1. All the visited cells of the path are 0.
2. All the adjacent cells of the path are 8-directionally connected (i.e., they are different and they share an edge or a corner).

The length of a clear path is the number of visited cells of this path.

For example:

grid = [[0,1],[1,0]]

Output: 2

grid = [[0,0,0],[1,1,0],[1,1,0]]

Output: 4

grid = [[1,0,0],[1,1,0],[1,1,0]]

Output: -1

Constraints:

• n == grid.length
• n == grid[i].length
• 1 <= n <= 100
• grid[i][j] is 0 or 1

## Solution: Shortest Path in Binary Matrix

This problem asks us to find the shortest path from the top-left cell to the bottom-right cell in a binary matrix, where the path can only traverse cells with value 0 and must be 8-directionally connected. If no such path exists, we should return -1.

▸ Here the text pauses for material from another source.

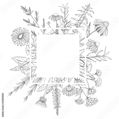 Obraz premium Hand drawn medicinal herbs.Vector frame

We can solve this problem using Breadth-First Search (BFS).

### 1. Naive (Brute Force) Solution

A brute-force approach would involve exploring all possible paths from the starting cell to the destination. This can be done using recursion or backtracking. However, this approach is highly inefficient due to the exponential number of possible paths and would likely result in a Time Limit Exceeded (TLE) error for larger matrices.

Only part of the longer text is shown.